I wrote a column about that experience but never got around to publishing it in the Times-News.

Here it is, finally making its public debut:

 

David Miller called at exactly the wrong time. I had just finished filling up the rental car at a Minneapolis gas station and I was frozen to the bone.

In Minnesota there is nothing to cut the wind, no mountains, no hills, not even any molehills, and the wind just whips down from Canada and goes right through you. I even had a new winter coat that I bought just for the trip and still I froze.

One problem I had at the filling station was that I didn’t know how to unlatch the gas tank lid on the rental car. So while I fumbled with latches and buttons – opening the hood three times and the trunk twice - I was freezing.

I would have paid someone to fill up the car.

So when David called, I told him my tales of woe and ice. And especially my ire at the rental car.

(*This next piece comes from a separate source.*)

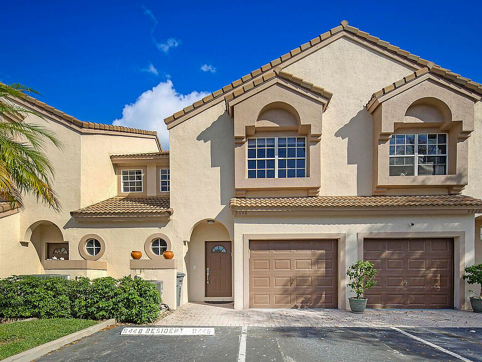 Welcome to this beautifully upgraded 3-bedroom, 2.5-bath townhome in the sought-after gated community of Coral Lake in West Boca! Rarely available and full of charm, this light-filled home features an open-concept layout with soaring vaulted ceilings and skylights that create a bright, airy feel from the moment you walk in. Recently refreshed with brand-new flooring, fresh paint, updated baseboards, and smooth ceilings (no popcorn!), it's truly move-in ready. The stylish kitchen shines with solid wood 42'' cabinets, granite countertops, a full granite backsplash, a raised counter bar, and custom cabinetry that adds valuable extra storage. Upstairs, the double-door entry welcomes you into a spacious master suite with a beautifully redesigned master bath. The oversized 2nd and 3rd bedrooms offer incredible space and generous closetsperfect for guests, family, or a home office. With no rear neighbors, you'll enjoy added privacy and peaceful living in this exceptional home. Every detail was thoughtfully upgraded to maximize comfort, style, and functionality.

I was already mad at the car before the gas tank lid imbroglio. Our first morning in Minneapolis I went out and started the car to let it warm up. I came back inside and about five minutes later I braved the cold again, confident that the inside of the Chevy Cruze was toasty warm.

Here’s a tip for anyone renting a Chevy Cruze in a cold climate: if you go out to warm up the car, stay inside it. The car locks its own doors after a brief interval, apparently less than five minutes.

So we called the rental car company to get them to come out and unlock the car. Because we hadn’t purchased their $14 a day insurance, they were uninterested in coming out to unlock the car. Or even in giving us any hints on how we might unlock the car.

Tough cookies, they said, essentially.

I can’t print what I said.

Fortunately we are AAA members and the AAA guy was there in ten minutes.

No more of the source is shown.